Вместо ответа, Нэт с силой лягнул холодильник. Тот и все, что было внутри, задребезжало.
— Что, по-твоему, ты делала? Какова черта тебе понадобилось писать этому Роббину? Писать убийце! Причем целых восемь лет! А ты? — Нэт перевел взгляд на Джеффа. — Ты ведь был нам почти как сын родной. Черт побери, ты жил под нашей крышей, ел за нашим столом, и теперь вместо благодарности ты предал меня? Тебе не кажется, что я имею право знать, что творится в моем доме? Ну, что ты на это скажешь? Я спрашиваю тебя, имею я такое право или не имею?
Ирен протянула к мужу руку:
— Все совсем не так, Нэт. Джефф не имеет к этому ни малейшего отношения.
— Не ври!
— Представь себе. Он не приносил мне никаких писем. Он ничего о них не знал. Я нарочно не получала их на домашний адрес, чтобы он ничего не знал.
— Не говори глупостей. Меня не проведешь.
— Ваш муж прав, миссис Стенли, не надо меня выгораживать. Я знал, я знал все эти годы. — Джефф сложил на груди руки.
— Ты слышишь?! — рявкнул Нэт.
— Джефф, ступай домой. Это тебя не касается…
— Дай мне эти письма, — потребовал Нэт.
— Что?
— Хочу на них взглянуть. Хочу прочесть, что он наговорил тебе. Как он, черт побери, пытался мне нагадить.
Ирен сжала кулаки:
— Нет!
— Что ты сказала?
— Я ничего тебе не дам. По крайней мере, не сейчас. Может, чуть позже, когда ты успокоишься. А пока ты взвинчен, нет. Я понимаю, что со стороны это смотрится не слишком красиво…
— Не слишком красиво? По-твоему, это не слишком красиво? — Нэт сорвал шляпу и бросил ее на стол. — Боже мой, Ирен. Все гораздо хуже. Это безумие — вот что это такое. Чистой воды безумие!
— Мистер Стенли…
— А ты, Джефф, заткнись!
— Мистер Стенли, ваша жена права. Сейчас не время для такого разговора. — С этими словами Джефф шагнул к столу. — Я знаю, для вас это шок, и со стороны может показаться, будто мы от вас что-то скрывали, и, возможно, вы отчасти правы.
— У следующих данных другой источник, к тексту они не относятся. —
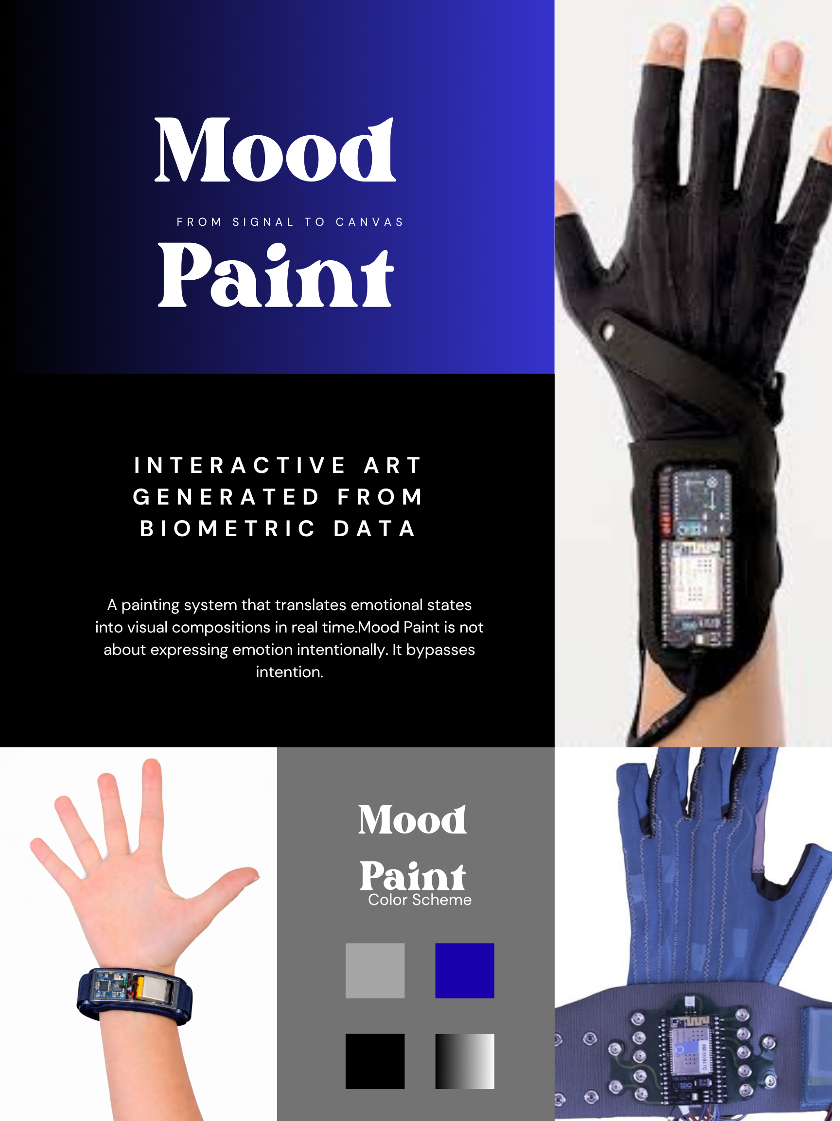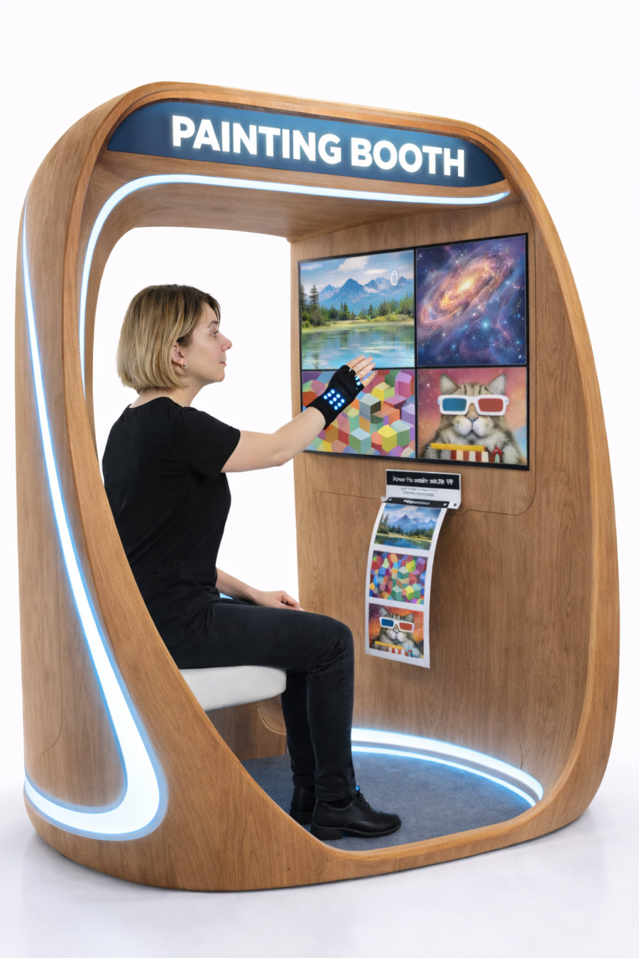 The Mood Paint experience is intended to operate in two modes: an immersive painting booth for a more intimate experience, and a gallery setup where the visuals are displayed on a screen, allowing the user to simply wear the device and stand in front of it.

Но теперь вы все знаете. Ваша жена решилась на такой смелый шаг — она простила этого человека, а это, я вам скажу, требует мужества, и немалого. Вам ли не знать, что смерть Шэпа едва не свела в могилу ее саму. Да этого же известно всем и каждому! Как она вернулась сюда и ее невозможно было узнать. Так что считайте, что вам крупно повезло…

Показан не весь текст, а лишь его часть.